The matching of manuscripts to journals is highly inefficient and imperfect. To start with, the editorial criteria of some journals may seem unclear to authors. Authors and editors (and even editors within the same team) might disagree on a manuscript’s suitability, or on the scientific advance of the work or its implications1. Also, editors may misjudge these considerations, or assess a manuscript on the basis of an ill-suited scientific context2. And authors may have an overly rosy view of their work, and are understandably incentivized to ‘aim high’ when choosing a journal.

All of these factors contribute to more submissions, rejections and re-submissions, to larger peer-reviewing efforts, to discouragement — particularly in younger academics — and to delayed dissemination of scientific outputs. However, when it comes to curating the literature, the system works3. But can it be made to operate more efficiently? Many scientists have long advocated for alternative systems, from removing the editor’s role as a curator to disentangling quality assessment from publishing3. Most attempts at changing scholarly publishing have remained so.

Generative artificial intelligence (AI) could move the needle. Can a suitably trained chatbot take on aspects of the role of an experienced journal editor? The chatbot would undoubtedly be tirelessly fast and stoical, and it would leverage more factual information than the world’s journal editors combined. However, it would be foolish for publishing houses to relinquish the entirety of editorial decisions to today’s generative AI systems: they can only provide plausible responses to prompts, and such plausibility cannot be guaranteed to follow truth nor logic. Still, these shortcomings do not imply uselessness, as shown in Box 1 by an example dialogue between an author and a publicly available large language model.

What can be inferred from this representative conversation? Firstly, the downsides: the chatbot’s ‘concerns’ are actually addressed in the report4,5 (which was included as part of the prompt to the chatbot) and earlier in the dialogue. However, a future multimodal system that can interpret scientific schematics, imagery, graphs and data may be less likely to confidently make erroneous assertions. Also, the questions asked by the chatbot are easily answerable from the text in the manuscript. Still, they are highly relevant to the quality of the work as would be judged by editors and reviewers. And some of the chatbot’s assertions — such as “the study design is rigorous” — are not to be taken at face value; the chatbot cannot assess actual rigour, it can only infer it from the manuscript’s text (and so would most readers, regardless of actual expertise).

However, the upsides of a future AI journal editor with enhanced skills are enticing. In particular, a chatbot fine-tuned with the journal’s historical output and editorial know-how, and reinforced with editorial feedback, could guide authors as to the degree of ‘fit’ of their work to the journal. It may help them craft a manuscript that more clearly highlights the most salient points. Moreover, it may make authors notice any shortcomings in the evidence or claims, or in the reporting of the methodology. Or the dialogue may make them realize that the manuscript would fare better in a more fitting journal.

At the same time, an AI journal editor might speed up editorial assessments. If authors approve such a chatbot’s summary of the manuscript and are satisfied with the chatbot’s questions and with the overall conversation, they are likely to agree to make it available to human editors, to facilitate their judgement of the work.

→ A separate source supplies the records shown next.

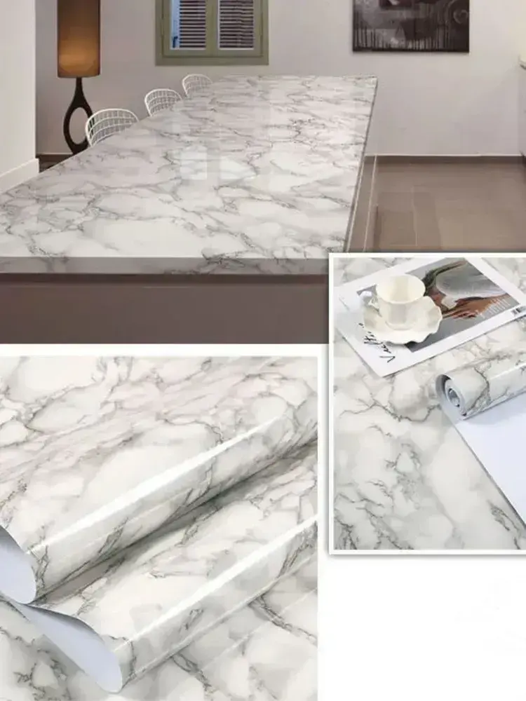 Самоклеящаяся защитная пленка для кухни и мебели /3м на 60см/ мраморная белая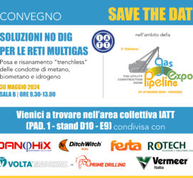 IATT ha rinnovato la sua presenza al Pipeline & Gas Expo che si terrà a Piacenza dal 29 al 31 maggio p.v. insieme ad alcune aziende associate che presenteranno soluzioni “trenchless” per la posa ed il risanamento delle reti multigas. Vienici a trovare al Pad 1 – stand D10 – […]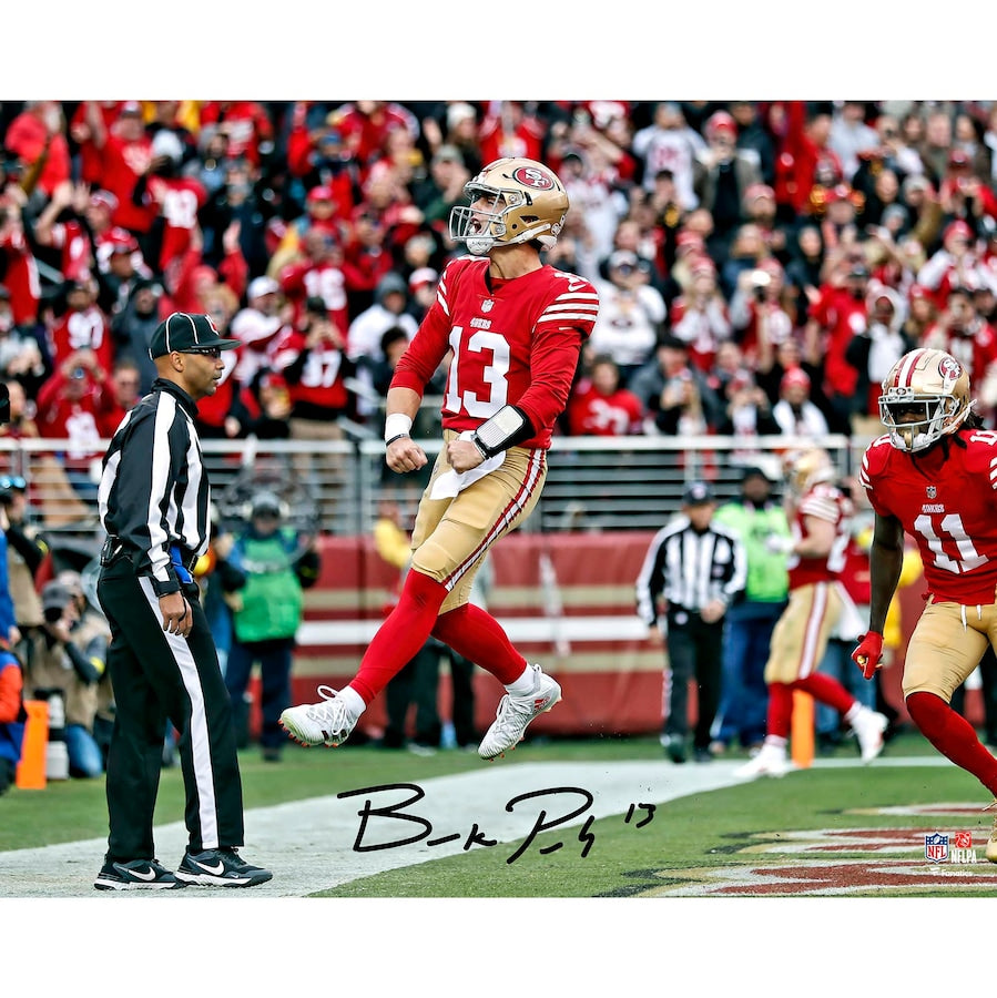 Autographed by Brock Purdy, this 16" x 20" Screaming Photograph is ready to enhance your collection of San Francisco 49ers memorabilia. It showcases the 49ers' star rookie QB celebrating a touchdown in the endzone. This photo also features Brock Purdy's unique signature to provide the perfect collectible for San Franciso fans.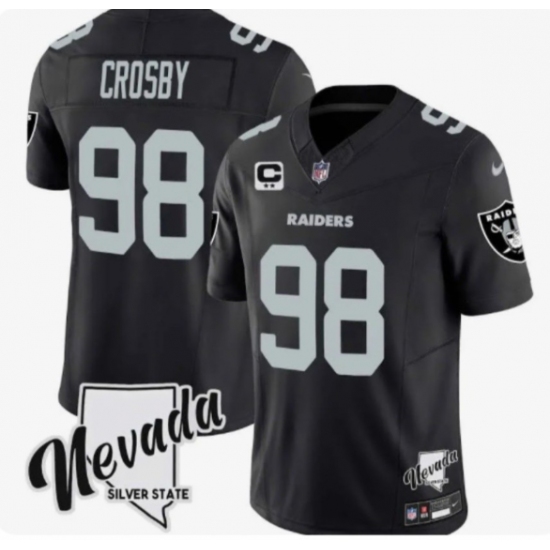 >Men's Las Vegas Raiders #98 Maxx Crosby Black 2024 F.U.S.E With Nevada Silver Stat And 3-Star C Stitched Football Jersey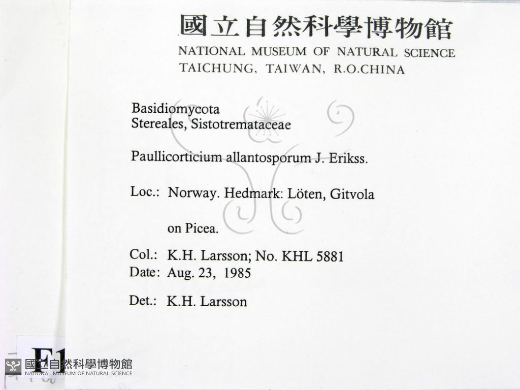 Paullicorticium allantosporum J. Erikss.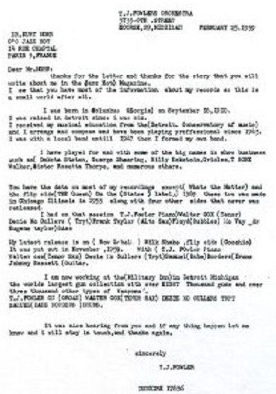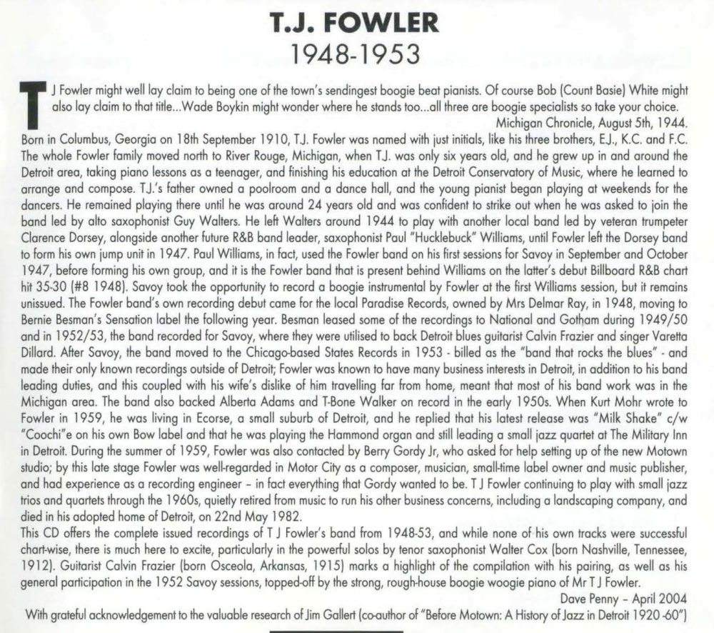 Der Jazz-Pianist, Songwriter und Bandleader T. J. Fowler wurde am 18. September 1910 in Columbus, Georgia, tatsächlich als T. J. Fowler geboren - seine drei Brüder hießen mit Vornamen E.J., K.C. and F.C., so etwas gibt es nur in den USA - und verstarb am 22 Mai 1982 in Detroit, Michigan. Etwa 1916 zog die Familie nach Detroit wo T. J. auch aufwuchs und seine musikalische Karriere begann.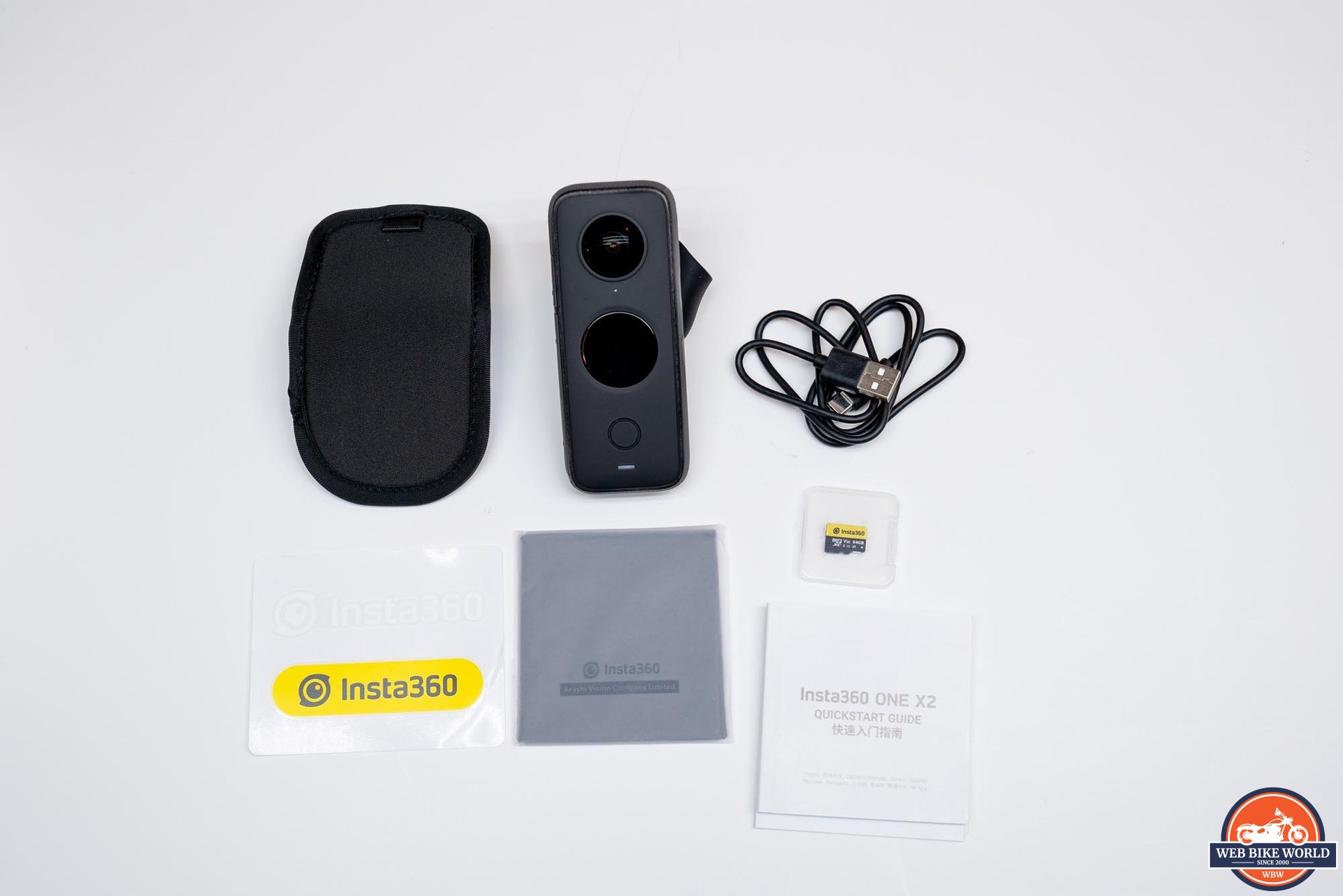 In the box, Insta360 provides a USB-C charging cable, a protective nylon pouch, a printed quick start guide, and the battery. No charger is provided, so one is expected to use the included cable with whatever USB port one has available. I would say it’s odd not to include a charger, but this is becoming more and more often the case with USB charged devices.

Generative AI is advancing toward levels of sophistication that make these considerations rather plausible. From a purely financial perspective, time spent in assessing rejected manuscripts before peer review is unproductive for journals — especially if they are highly selective. Although useful and specific feedback provided by dutiful editors to authors of manuscripts that are rejected is welcome by authors, from a journal-productivity viewpoint a more effective process than today’s workflow would be for editors to screen newly submitted manuscripts and to engage only with the authors of promising work; the authors of the unselected manuscripts would not receive a rejection message and would be free to take their manuscript elsewhere after a pre-specified number of days. But such a no-explicit-rejection process might be too big of a culture change for authors and editors; instead, a conversation with a chatbot that has been imbued with the journal’s editorial expertise would better conform to academic incentives and to expectations for feedback (if nothing else, confirming that an assessment process has been carried out).

Any practical implementation of an AI journal editor would involve lots of obstacles. Designing and implementing suitable ’guardrails’ and sanity checks would not be straightforward, and such an AI system could prove detrimental to breakthrough work that challenges current knowledge or practice. Also, AI journal editors might be easier to ‘game’ than most of the sentient sort. Moreover, AI editors could end up attracting substantially more unfruitful submissions. And it will escape no one’s attention that making editors more productive will reduce the number of them needed. Yet, will inspecting the performance of generative AI systems raise the need for counterfactual input and for auditors of the human kind?